In my current dataset this action should remove four rows. However, no rows are removed after executing.

Strangely, the following code does only leaves those four rows that should be removed by the first code:

 df1 <- df1[df1$var2 < 0,]

I found that using subset(df1, var2 >= 0) does work and removes the four rows that I want to have removed. But I always thought that the first code was the same as using subset()? Does someone know why the very first code doesn't work the way I intend it to?

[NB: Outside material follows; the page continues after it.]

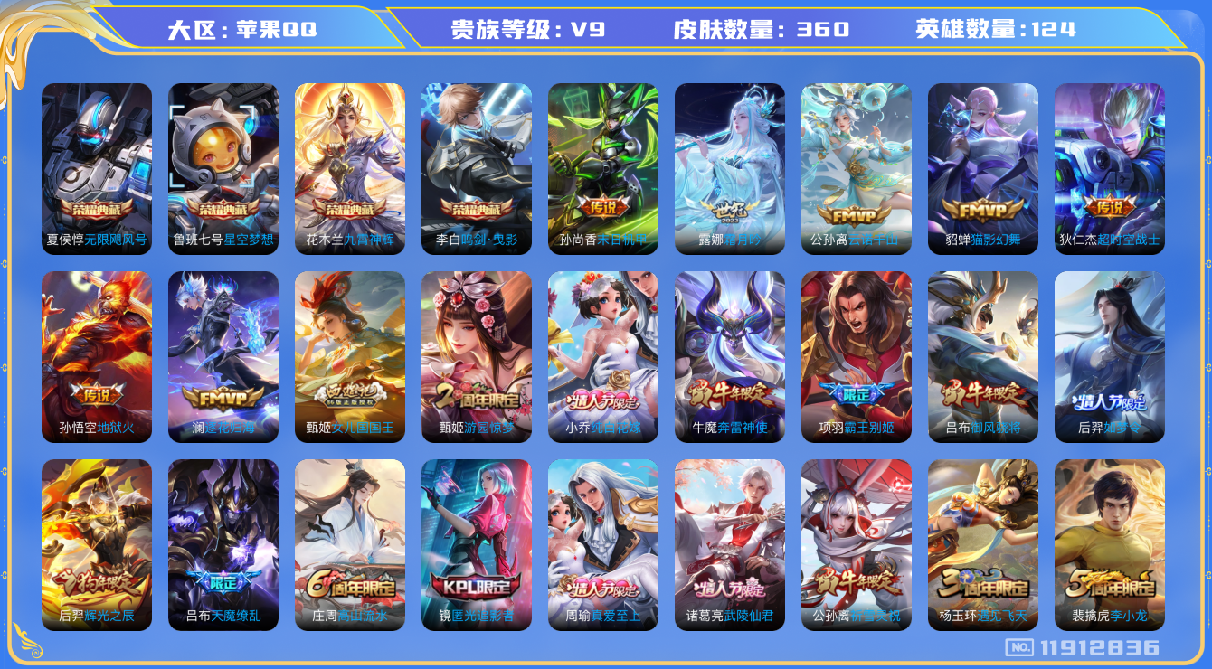 - [12141402]V10 5典藏 5无双 8珍品传说 64传说 125英雄 509皮肤 可修改实名 优质装备:鸣剑·曳影,全息碎影(猴子典藏),九霄神辉(木兰典藏),银白咏叹调(倪克斯侍卫),弑枪猎影(韩信典藏),真我赫兹(瑶)(瑶无双),小乔时之魔女(小乔无双),韩信群星魔术团(韩信无双),器灵·螭龙剑,天机白泽,江户川柯南,怪盗基德,器灵·落星盏,酷洛米之心,大耳狗之梦,朽木白哉,黑崎一护,黄金狮子座,黄金射手座,冠军飞将,云鹰飞将(小将军),绛天战甲(鸡嘴战神),猫影幻舞,久胜战神,炽阳神光,一念神魔,末日机甲-孙尚香(绿蚂蚱),地狱火,仲夏夜之梦(大飞蛾),音你心动-小乔,零号·赤焰,海洋之心,地狱之眼,音你心动-周瑜,胖达荣荣,李逍遥,乞巧织情,时之恋人-刘备(电焊工),淬星耀世,超时空战士-狄仁杰,末日机甲-孙策,挚爱之约,无双飞将,音你闪耀(rap皮),碎云,浮生妄,记忆之芯(机甲兔),妄想实况,妄想奇谈,惊梅引,澜逐花归海,艾琳觅芳踪,千劫归真,诡秘之主,千山共赴,涂山容容 珍品传说:时之奇旅-孙策 传说皮:典韦战鼓燎原,落雪白狼,死亡执政官,九山相柳,星之鸣奏,祥瑞亨通,幻光神枪 珍宝阁皮:万物之道,蔷薇恋人,女武神 限定皮:愿照·九州拓(澜年限),愿照·福禄聚(蔡文姬年限),愿照·岁时盈(虞姬年限),愿照·山河定(司空震年限),愿照·众生和(妲己年限),愿照·千秋盛(女娲年限),逐霄战戟,鸣野蒿,至尊宝,白虎志(电光耗子),武陵仙君(小桃花),傲雪梅枪,绯月行,白鹤梁神女,时雨天司(水龙头),神威(电光马子),飞衡(韩信年限),山海·碧波行(瑶年限),至美·乘鲤谣,至美·化雀舞,遇见飞天,高山流水,诗剑行,怒海麟威,五谷丰年,武圣,游园惊梦,梁祝,逐梦之翼,天狼溯光者,虎魄,天狼征服者,天狼绘梦者,李小龙,逐梦之影,朱雀志(守约年限),永曜之星,辉光之辰,孙行者,猪悟能,大圣娶亲,引擎之心,乒乒小将,蜜橘之夏,寅虎·御盾(廉颇年限),百木心枪,玉兔公主,启示之音,深海之息(深海大菠萝),山海·玄木吟(马可年限),冰霜神祇 史诗皮:赞萌露比,鸭鸭历险记-刘禅,苍鳞隐世,器灵·浮梦炉,糖绘人间,瑰影绮梦,化蝶舞,灵蛊蚀心,星界战将,龙之律动,雪豹·霜爪,布丁狗之誓,小牛鸭,石田雨龙,百相守梦-周瑜,戍鼓铭心,茶境仙,幻珠鲛人,怒海争锋,破空之剑,战舞者,涂山红红,

Edit, including some data from my dataset:

> dput(df1[1:10,215:220])
structure(list(KBUY_CER = c(3L, 0L, 0L, 0L, 0L, 3L, 2L, 0L, 3L, 
2L), KBUY_PRO = c(1L, 0L, 0L, 0L, 0L, 1L, 1L, 0L, 1L, 1L), KBUY_DEF = c(1L, 
0L, 0L, 0L, 0L, 1L, 0L, 0L, 1L, 0L), THINK_SP = c(NA, 1L, NA, 
NA, NA, NA, NA, 1L, 1L, NA), dwifexp = c(NA, 0L, NA, NA, NA, 
NA, NA, 0L, 0L, NA), dwifdoll = c(NA, 1500L, NA, NA, NA, NA, 
NA, 600L, 600L, NA)), row.names = c("389", "390", "391", "392", 
"393", "394", "395", "396", "397", "398"), class = "data.frame")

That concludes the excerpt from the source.